=== Work to complete ===
All lines below starting at the one that holds "Het perceel waarop" and ending at the one that holds "Pijamas para niños, primavera" should be printed exactly, ends included. Pictures should not be printed, nor anything else.

=== Extracted entries ===
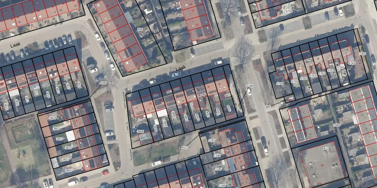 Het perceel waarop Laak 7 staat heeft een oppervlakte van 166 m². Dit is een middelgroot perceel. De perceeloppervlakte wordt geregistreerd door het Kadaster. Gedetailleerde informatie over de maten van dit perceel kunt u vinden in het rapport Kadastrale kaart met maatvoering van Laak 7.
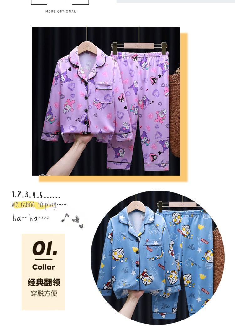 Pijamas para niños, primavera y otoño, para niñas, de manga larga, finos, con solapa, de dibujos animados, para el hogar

* * *

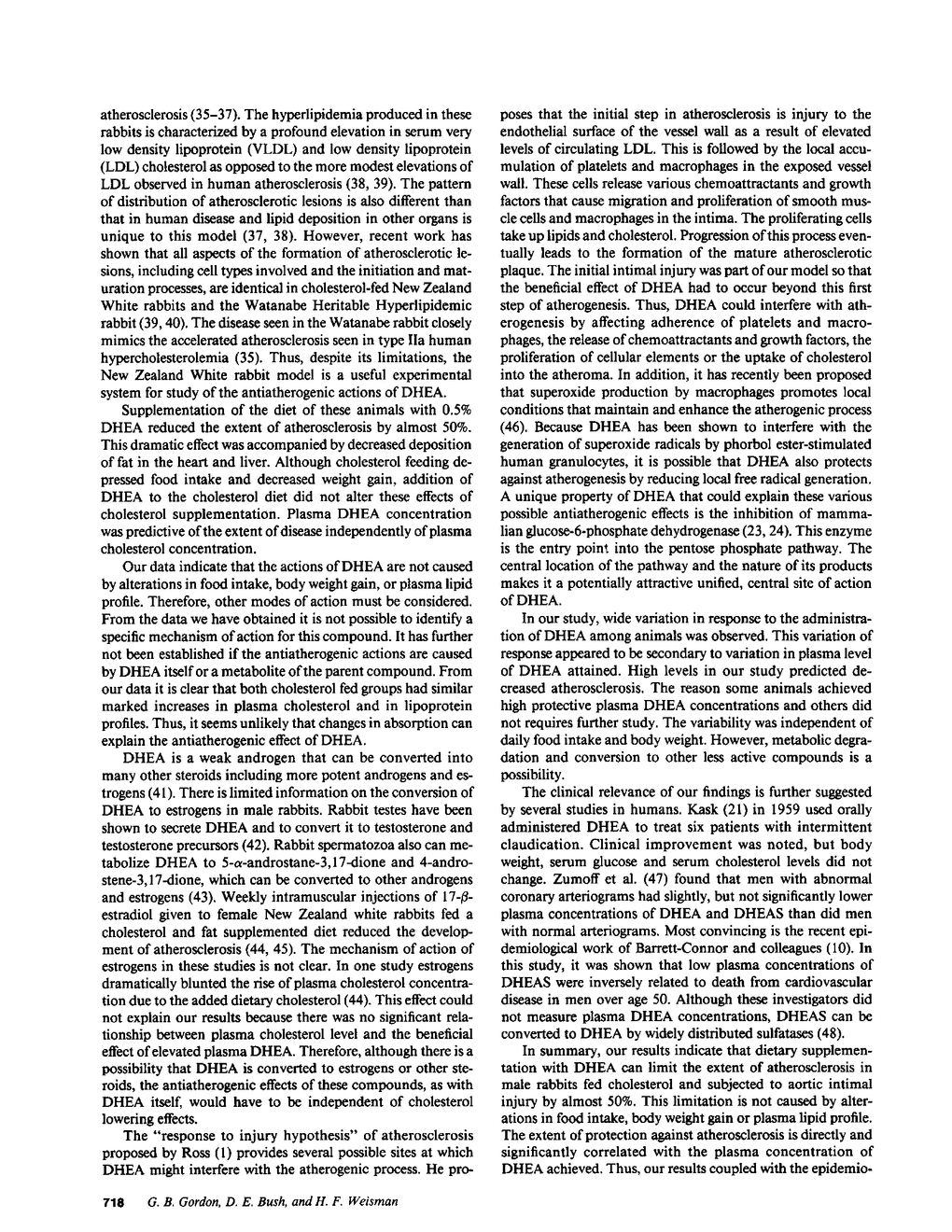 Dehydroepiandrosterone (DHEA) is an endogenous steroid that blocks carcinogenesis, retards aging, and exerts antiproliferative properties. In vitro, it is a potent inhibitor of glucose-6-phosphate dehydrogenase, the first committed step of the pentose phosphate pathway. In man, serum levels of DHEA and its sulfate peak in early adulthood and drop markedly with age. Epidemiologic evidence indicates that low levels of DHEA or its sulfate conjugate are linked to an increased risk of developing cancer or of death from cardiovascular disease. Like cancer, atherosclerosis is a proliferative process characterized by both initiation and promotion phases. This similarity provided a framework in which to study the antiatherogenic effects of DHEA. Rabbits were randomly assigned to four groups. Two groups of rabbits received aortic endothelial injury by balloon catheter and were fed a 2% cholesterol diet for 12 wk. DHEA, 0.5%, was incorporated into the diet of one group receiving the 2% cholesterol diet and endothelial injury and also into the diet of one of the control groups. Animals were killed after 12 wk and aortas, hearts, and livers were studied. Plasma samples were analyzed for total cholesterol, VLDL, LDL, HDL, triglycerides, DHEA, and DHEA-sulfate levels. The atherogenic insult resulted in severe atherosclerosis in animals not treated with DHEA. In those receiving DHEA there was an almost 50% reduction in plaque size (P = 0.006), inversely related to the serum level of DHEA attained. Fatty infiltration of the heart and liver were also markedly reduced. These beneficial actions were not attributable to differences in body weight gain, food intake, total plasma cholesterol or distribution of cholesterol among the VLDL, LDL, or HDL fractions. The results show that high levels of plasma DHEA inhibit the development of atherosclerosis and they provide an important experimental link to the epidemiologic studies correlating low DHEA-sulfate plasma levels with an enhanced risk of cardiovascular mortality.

=== Task answer ===
 Het perceel waarop Laak 7 staat heeft een oppervlakte van 166 m². Dit is een middelgroot perceel. De perceeloppervlakte wordt geregistreerd door het Kadaster. Gedetailleerde informatie over de maten van dit perceel kunt u vinden in het rapport Kadastrale kaart met maatvoering van Laak 7.
 Pijamas para niños, primavera y otoño, para niñas, de manga larga, finos, con solapa, de dibujos animados, para el hogar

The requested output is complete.